#### To do:
What follows is a set of records. Retype them exactly, leaving out the pictures.

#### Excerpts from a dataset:

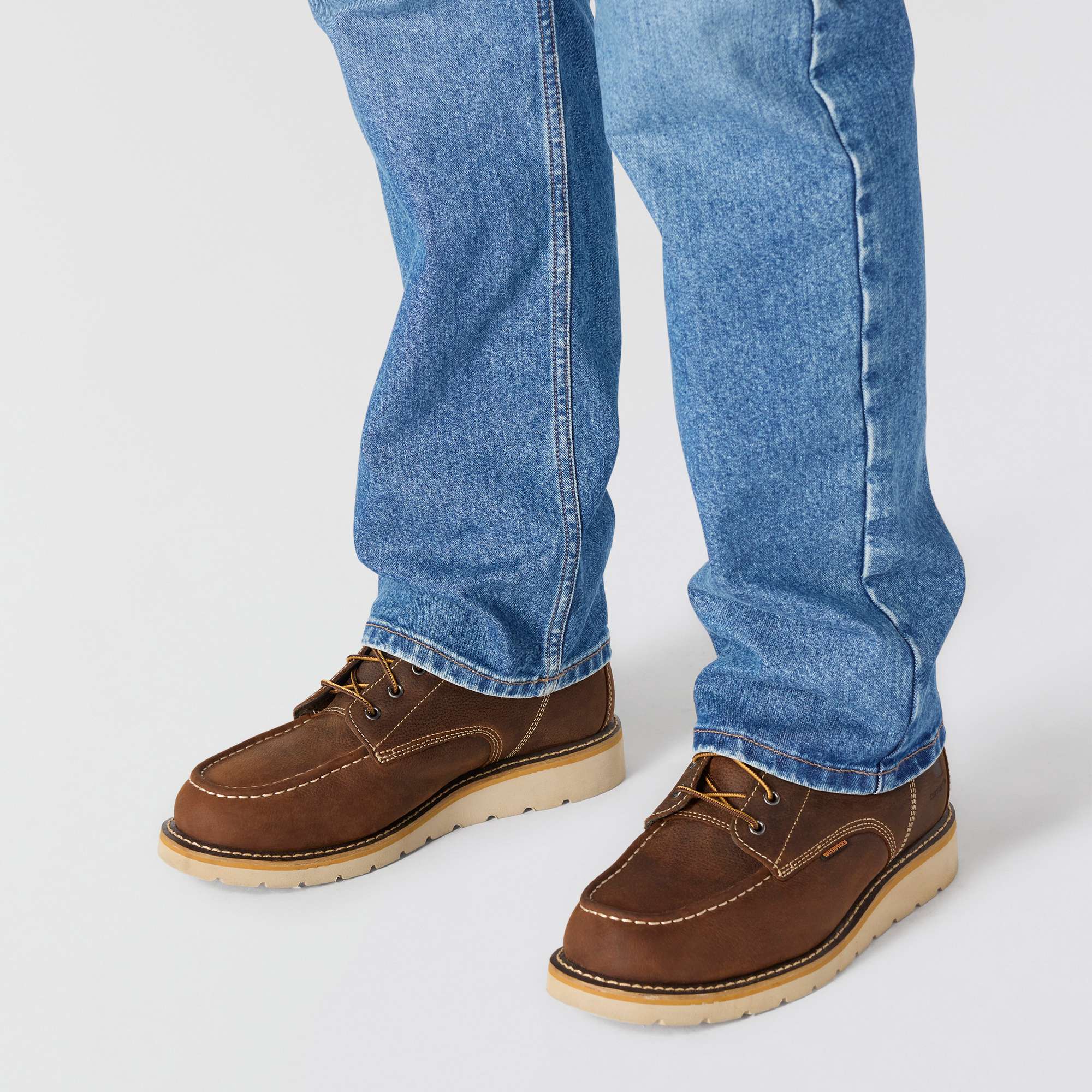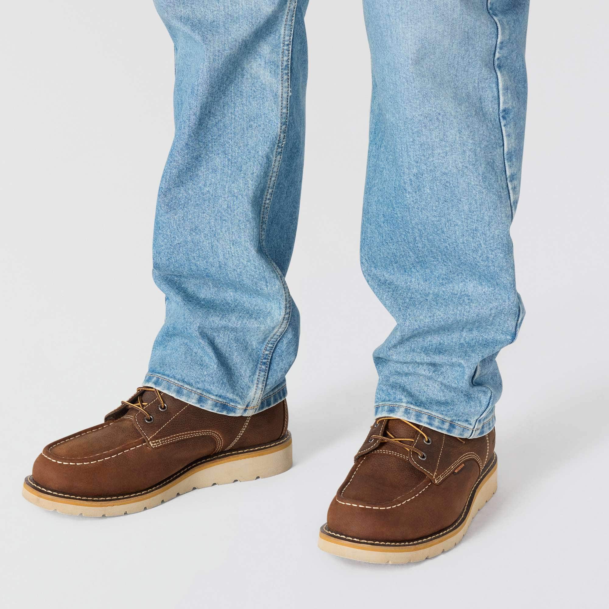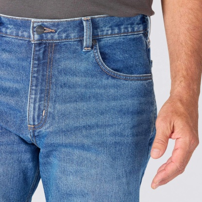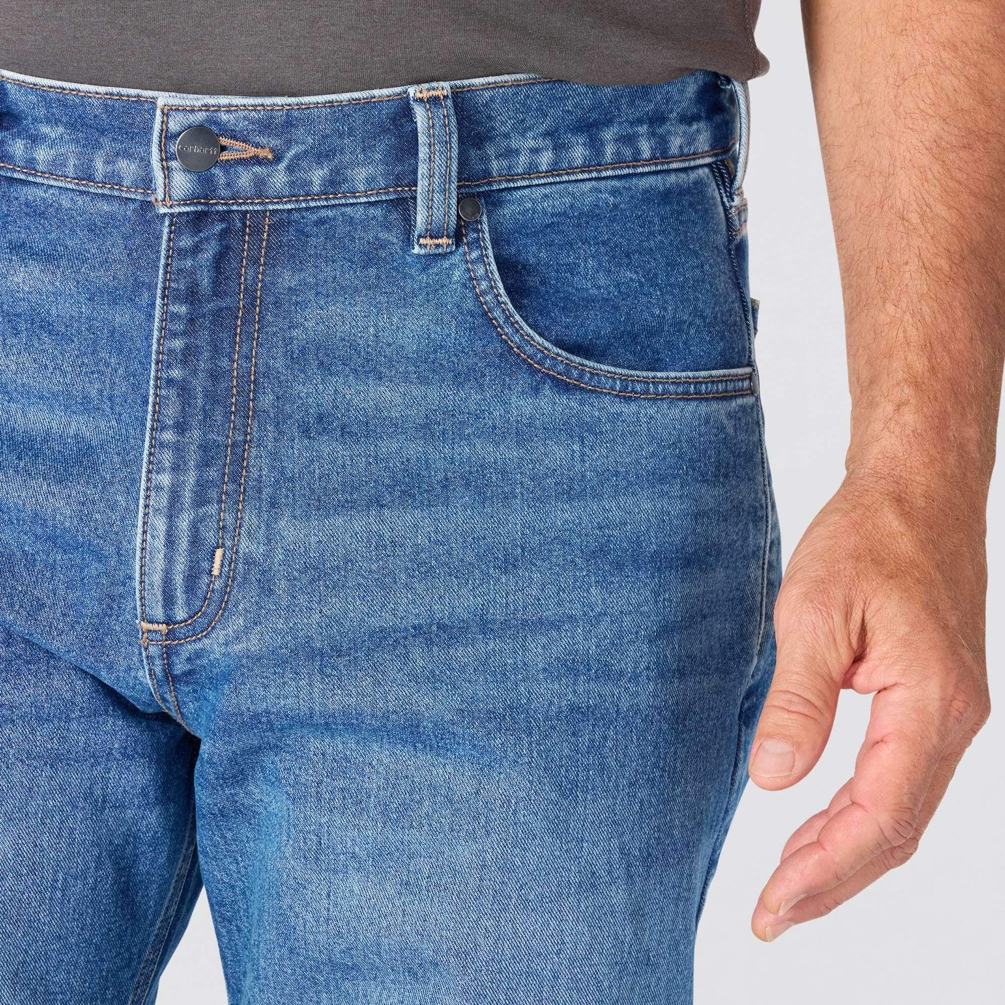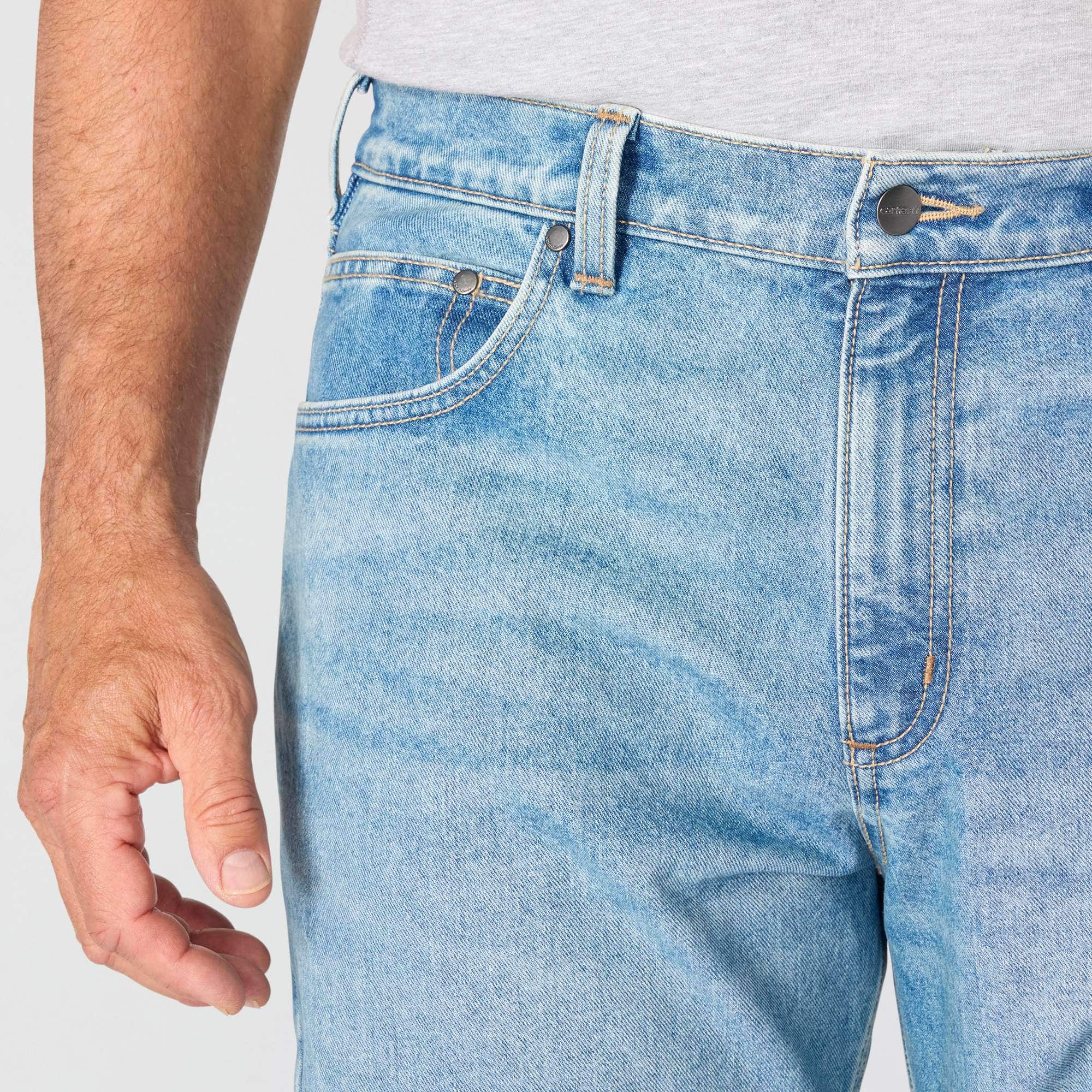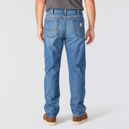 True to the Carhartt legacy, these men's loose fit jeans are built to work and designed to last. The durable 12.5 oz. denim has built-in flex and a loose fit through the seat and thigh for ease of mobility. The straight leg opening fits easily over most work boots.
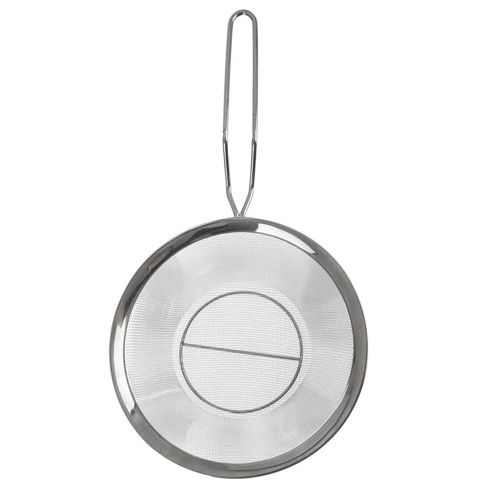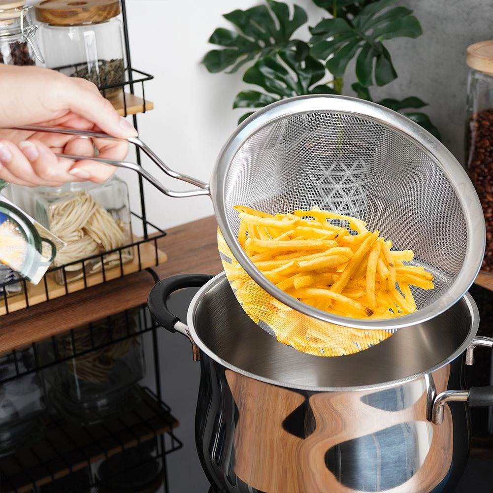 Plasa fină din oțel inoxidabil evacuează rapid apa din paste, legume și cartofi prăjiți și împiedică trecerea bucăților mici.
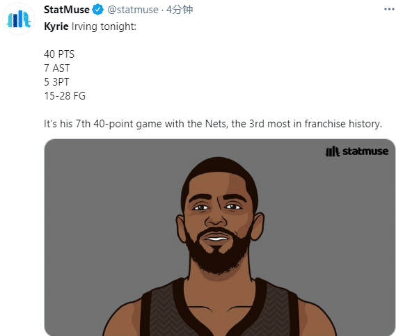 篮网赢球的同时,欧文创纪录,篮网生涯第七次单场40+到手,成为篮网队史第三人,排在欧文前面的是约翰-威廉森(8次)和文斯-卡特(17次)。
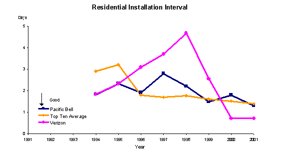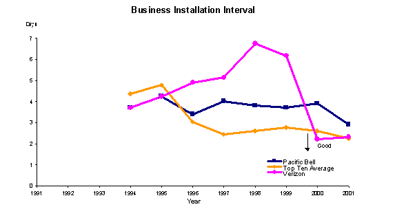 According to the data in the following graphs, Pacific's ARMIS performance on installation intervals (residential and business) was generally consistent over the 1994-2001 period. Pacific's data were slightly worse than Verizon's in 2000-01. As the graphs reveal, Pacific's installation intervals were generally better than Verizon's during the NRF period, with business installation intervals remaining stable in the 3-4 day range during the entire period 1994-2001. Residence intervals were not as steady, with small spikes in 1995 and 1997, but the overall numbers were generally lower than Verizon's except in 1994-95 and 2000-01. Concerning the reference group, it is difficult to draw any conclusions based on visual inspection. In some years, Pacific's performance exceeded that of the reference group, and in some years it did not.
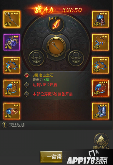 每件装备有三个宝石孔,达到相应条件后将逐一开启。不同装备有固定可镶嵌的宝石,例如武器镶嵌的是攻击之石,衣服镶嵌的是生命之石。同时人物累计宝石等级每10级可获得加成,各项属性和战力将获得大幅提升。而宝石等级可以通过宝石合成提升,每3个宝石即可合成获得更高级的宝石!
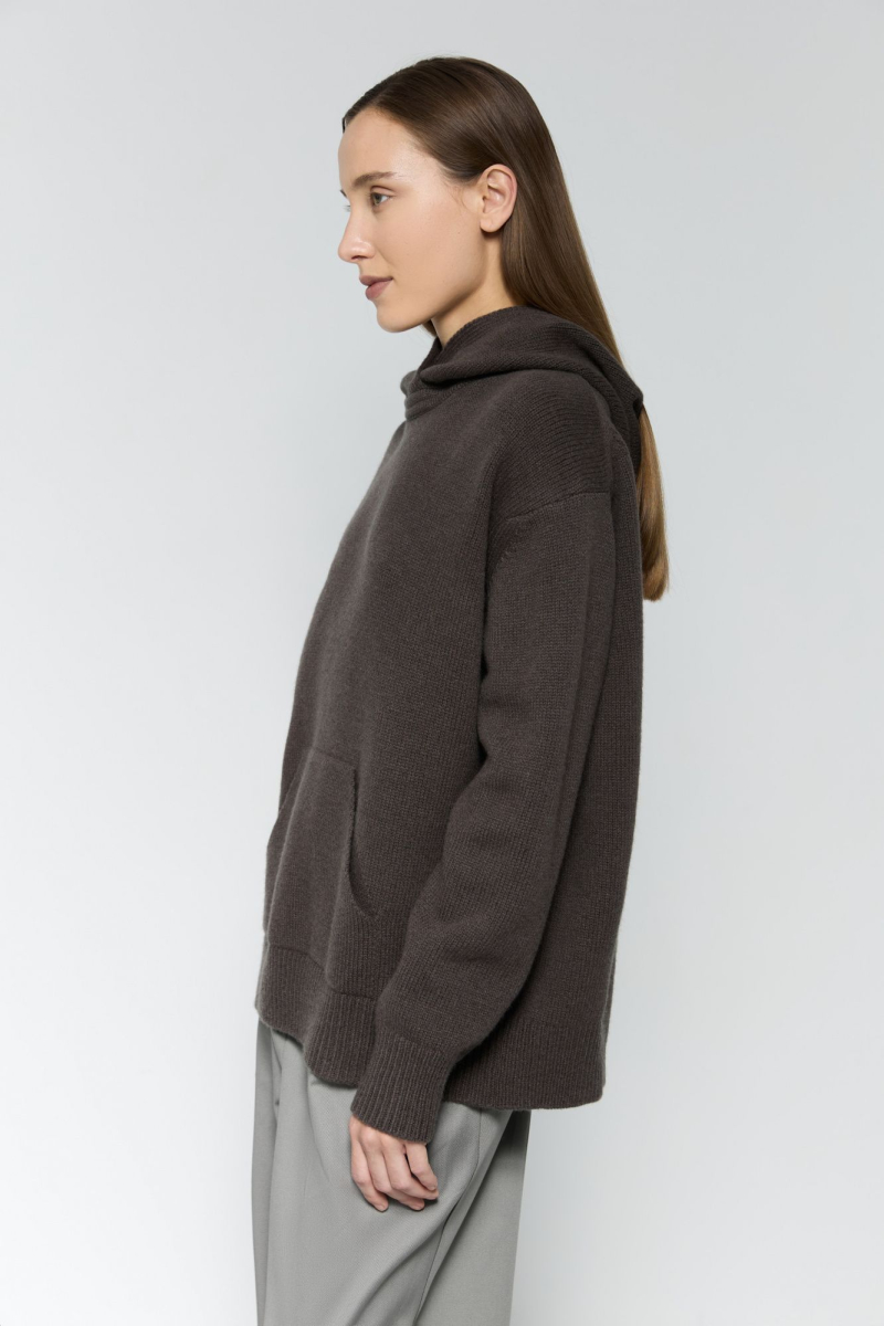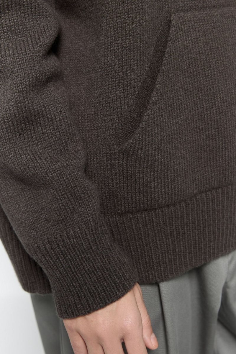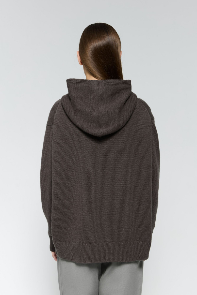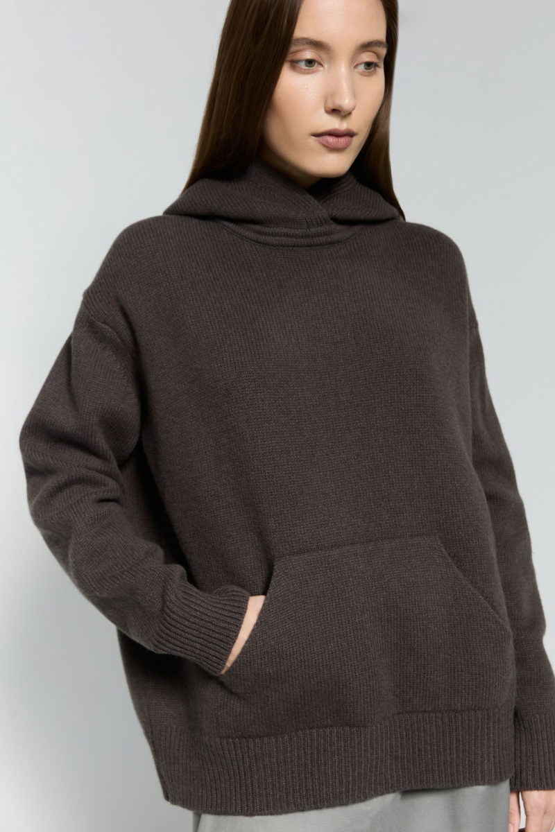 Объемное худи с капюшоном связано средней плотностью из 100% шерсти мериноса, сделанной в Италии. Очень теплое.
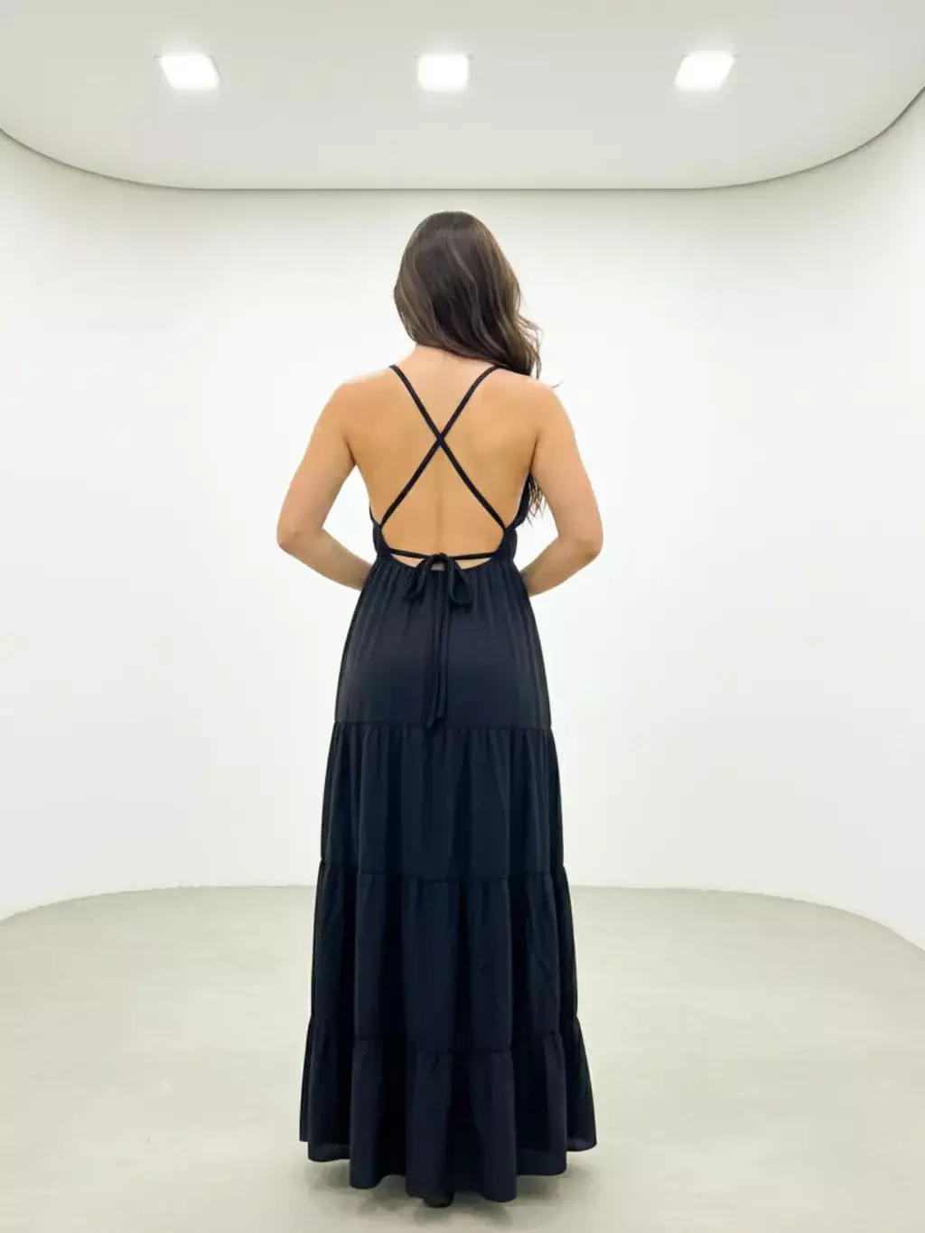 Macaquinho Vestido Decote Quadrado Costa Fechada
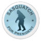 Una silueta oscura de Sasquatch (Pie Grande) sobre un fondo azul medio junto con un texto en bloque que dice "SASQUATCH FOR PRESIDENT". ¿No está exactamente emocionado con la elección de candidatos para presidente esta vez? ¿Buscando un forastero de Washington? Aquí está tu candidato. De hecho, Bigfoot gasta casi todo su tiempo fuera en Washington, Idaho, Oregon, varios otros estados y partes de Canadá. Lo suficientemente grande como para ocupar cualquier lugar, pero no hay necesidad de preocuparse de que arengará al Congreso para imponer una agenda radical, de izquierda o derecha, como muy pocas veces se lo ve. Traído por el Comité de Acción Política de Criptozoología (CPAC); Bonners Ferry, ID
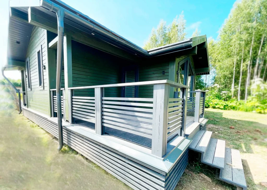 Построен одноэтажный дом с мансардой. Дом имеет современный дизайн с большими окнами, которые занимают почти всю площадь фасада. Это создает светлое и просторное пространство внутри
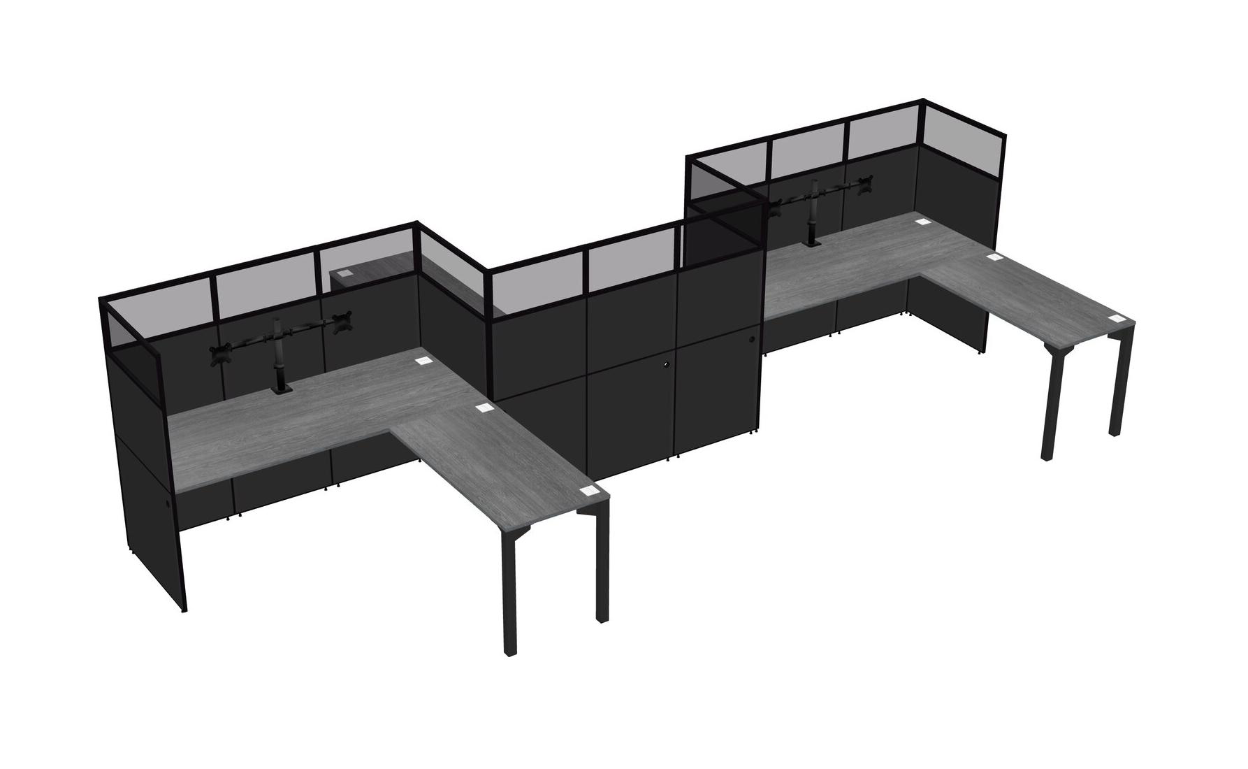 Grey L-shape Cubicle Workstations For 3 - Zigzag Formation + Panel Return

#### Answer to this problem:
 True to the Carhartt legacy, these men's loose fit jeans are built to work and designed to last. The durable 12.5 oz. denim has built-in flex and a loose fit through the seat and thigh for ease of mobility. The straight leg opening fits easily over most work boots.
 Plasa fină din oțel inoxidabil evacuează rapid apa din paste, legume și cartofi prăjiți și împiedică trecerea bucăților mici.
 篮网赢球的同时,欧文创纪录,篮网生涯第七次单场40+到手,成为篮网队史第三人,排在欧文前面的是约翰-威廉森(8次)和文斯-卡特(17次)。
 According to the data in the following graphs, Pacific's ARMIS performance on installation intervals (residential and business) was generally consistent over the 1994-2001 period. Pacific's data were slightly worse than Verizon's in 2000-01. As the graphs reveal, Pacific's installation intervals were generally better than Verizon's during the NRF period, with business installation intervals remaining stable in the 3-4 day range during the entire period 1994-2001. Residence intervals were not as steady, with small spikes in 1995 and 1997, but the overall numbers were generally lower than Verizon's except in 1994-95 and 2000-01. Concerning the reference group, it is difficult to draw any conclusions based on visual inspection. In some years, Pacific's performance exceeded that of the reference group, and in some years it did not.
 每件装备有三个宝石孔,达到相应条件后将逐一开启。不同装备有固定可镶嵌的宝石,例如武器镶嵌的是攻击之石,衣服镶嵌的是生命之石。同时人物累计宝石等级每10级可获得加成,各项属性和战力将获得大幅提升。而宝石等级可以通过宝石合成提升,每3个宝石即可合成获得更高级的宝石!
 Объемное худи с капюшоном связано средней плотностью из 100% шерсти мериноса, сделанной в Италии. Очень теплое.
 Macaquinho Vestido Decote Quadrado Costa Fechada
 Una silueta oscura de Sasquatch (Pie Grande) sobre un fondo azul medio junto con un texto en bloque que dice "SASQUATCH FOR PRESIDENT". ¿No está exactamente emocionado con la elección de candidatos para presidente esta vez? ¿Buscando un forastero de Washington? Aquí está tu candidato. De hecho, Bigfoot gasta casi todo su tiempo fuera en Washington, Idaho, Oregon, varios otros estados y partes de Canadá. Lo suficientemente grande como para ocupar cualquier lugar, pero no hay necesidad de preocuparse de que arengará al Congreso para imponer una agenda radical, de izquierda o derecha, como muy pocas veces se lo ve. Traído por el Comité de Acción Política de Criptozoología (CPAC); Bonners Ferry, ID
 Построен одноэтажный дом с мансардой. Дом имеет современный дизайн с большими окнами, которые занимают почти всю площадь фасада. Это создает светлое и просторное пространство внутри
 Grey L-shape Cubicle Workstations For 3 - Zigzag Formation + Panel Return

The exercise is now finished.